Given the impact of hypoxia on resistance to tumor therapy, a specific oxygen supply or in situ oxygenation only around the tumor would be the best strategy to achieve the full potential of PDT in a hypoxic tumor. However, when a variety of oxygen generators, oxygen carriers, or nanoconjugates are employed in PDT, the oxygen toxicity in vivo should be carefully considered in future studies, as locally increased partial pressures of oxygen can lead to hyperoxia, which may be detrimental to the lungs and the central nervous system. Furthermore, type II reactions are considered the most common pathway in photodynamic reactions, but it should be mentioned that type III (triplet-doublet interaction) and type IV (photoisomerization) reactions can exert cytotoxic effects directly on intracellular structures without the mediation of oxygen[97]. Therefore, in addition to fundamental research on hypoxia, it is anticipated that the use of novel PS transporters or light-inducible self-regulating PS molecules will be an excellent alternative for the treatment of hypoxic tumors.

Concluding remarks

We discussed various strategies that have improved traditional PDT, focusing on three components of PDT (PS, light, and oxygen), as summarized in Fig. 2. To demonstrate the usefulness of PDT, which has been developed over its long history, extensive research on PDT should be conducted, including studies of safety, biodegradability, and tumor specificity by active targeting, along with examining targeting mechanisms, physicochemical factors, and the physiological characteristics of the tumor microenvironment. While the benchtop-to-bedside translational approach for recently advanced PDTs is still a daunting process, these new insights brighten the clinical outlook for using PDT, thus ensuring next generation strategies. Although not covered in detail in this review, these PDTs can be combined with immunotherapy via immunomodulation, as recently reported elsewhere[98-100]. Therefore, more progressive approaches in conjunction with existing methods or new technologies will promote PDT development for targeted cancer treatment.

Fig. 2

Schematic overview of cancer treatment using smart PDT strategies to overcome the innate problems of conventional PDT.

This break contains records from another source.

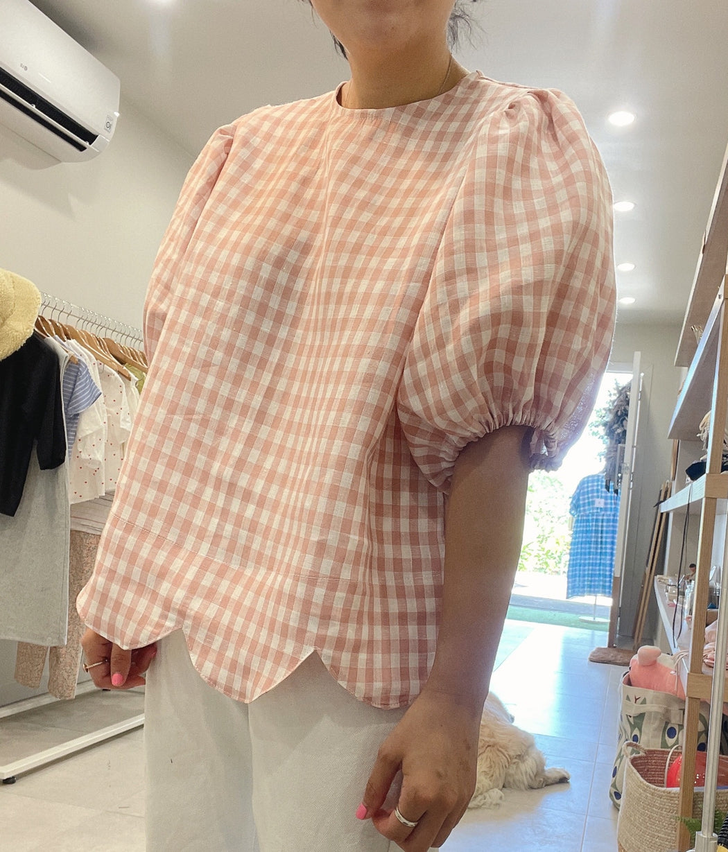 Natural gingham check linen scallop blouse
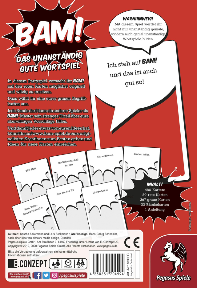 BAM! ist ein herrlich freches Party‑ und Wortspiel, bei dem ihr mit absurden Kombinationen für die lautesten Lacher sorgt. Eine Aufgabenkarte gibt das Thema vor – von „schlimmste Ausrede“ bis „peinlichster Moment“ – und alle spielen verdeckt eine passende Antwortkarte aus. Die Mischung aus clever, schräg und komplett daneben macht den Reiz aus. Der aktive Spieler wählt die lustigste Kombination und vergibt den Punkt. Dank hunderter Karten entstehen immer neue, völlig unerwartete Situationen, die jede Runde anders aussehen lassen. Schnell erklärt, sofort chaotisch und perfekt für Gruppen.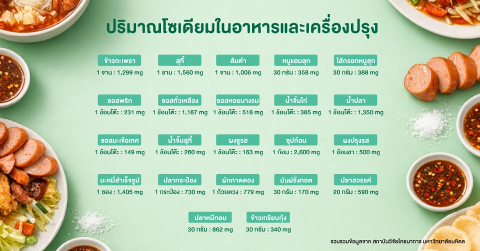 รวบรวมข้อมูลจาก สถาบันวิจัยโภชนาการ มหาวิทยาลัยมหิดล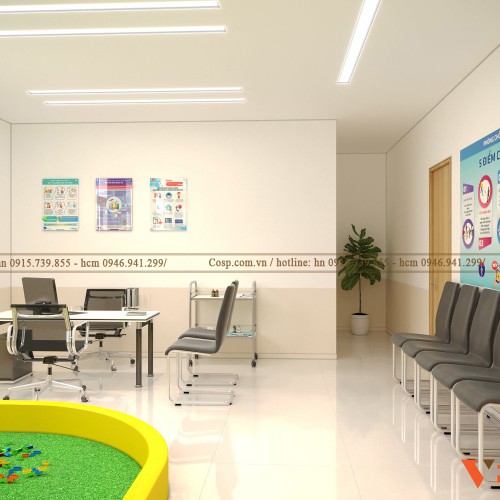 Hiện nay, với nhu cầu tiêm chủng cho con em của mình ngày một nhiều tại các phòng khám tư, bệnh viện đa khoa Trí Đức Thành đã bố trí khu vực tư vấn tiêm chủng cùng với khu vui chơi trẻ em để các em bé không sợ hãi khi đến thăm khám. Bàn làm việc của bác sĩ được thiết kế đơn giản với chân sắt sơn tĩnh điện kết hợp mặt bàn gỗ MDF chống ẩm để tạo sự gần gũi với khách hàng. Đồng thời, chúng tôi cũng bố trí dãy ghế ngồi chờ dành cho cha mẹ, người thân khi đến với Trí Đức Thành.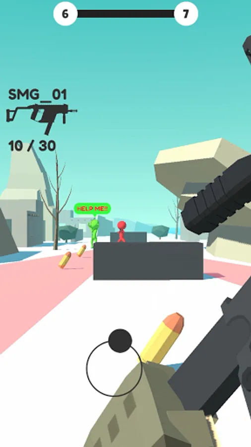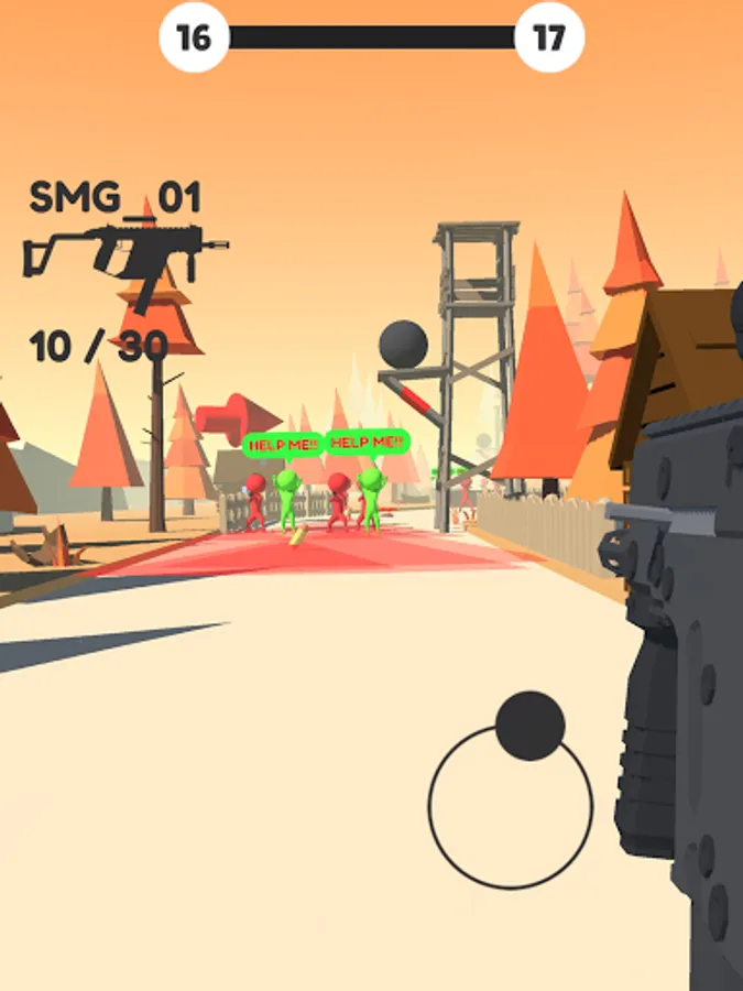 Drag and run. Release to shoot enemies. Be careful not to enter the enemy's sight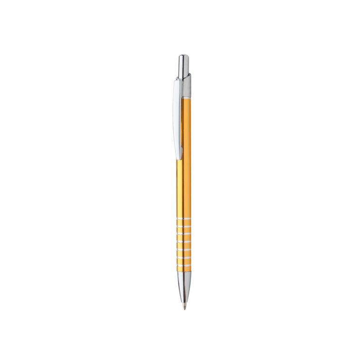 Penna a sfera in alluminio con decorazione incisa ad anelli, clip e puntale cromati, refill blu.

Three PDT approaches, including proteinaceous PS, self-illumination, and oxygen-independent methods are highlighted in this review. CL chemiluminescence, BL bioluminescence.

In conclusion, we highlighted recent advances in PDT for effective tumor treatment. The key aspect in PDT is ROS generation by light-activated PSs, which leads to tumor and vasculature killing via different cell death pathways and/or immune response activation. However, despite its clinical potential, it is not easy to optimize the PS, light, and oxygen depletion factors of PDT in cancer therapy, primarily due to the complexity of the tumor microenvironment. Beyond the barriers of conventional PDTs, smart approaches in combination with novel bio/nanomaterials or insights have been recently developed, which include the use of proteinaceous PSs, self-illuminating methods, and oxygen-independent strategies. These developed PDTs are necessary to ensure effective and selective delivery to tumor sites as well as in vivo safety, and they have contributed to the increasing usefulness of PDT in cancer treatment. In combination with new materials or other therapeutic modalities, it is anticipated that safer, more effective, and more biocompatible PDT will bring even greater advances in cancer therapy and molecular medicine.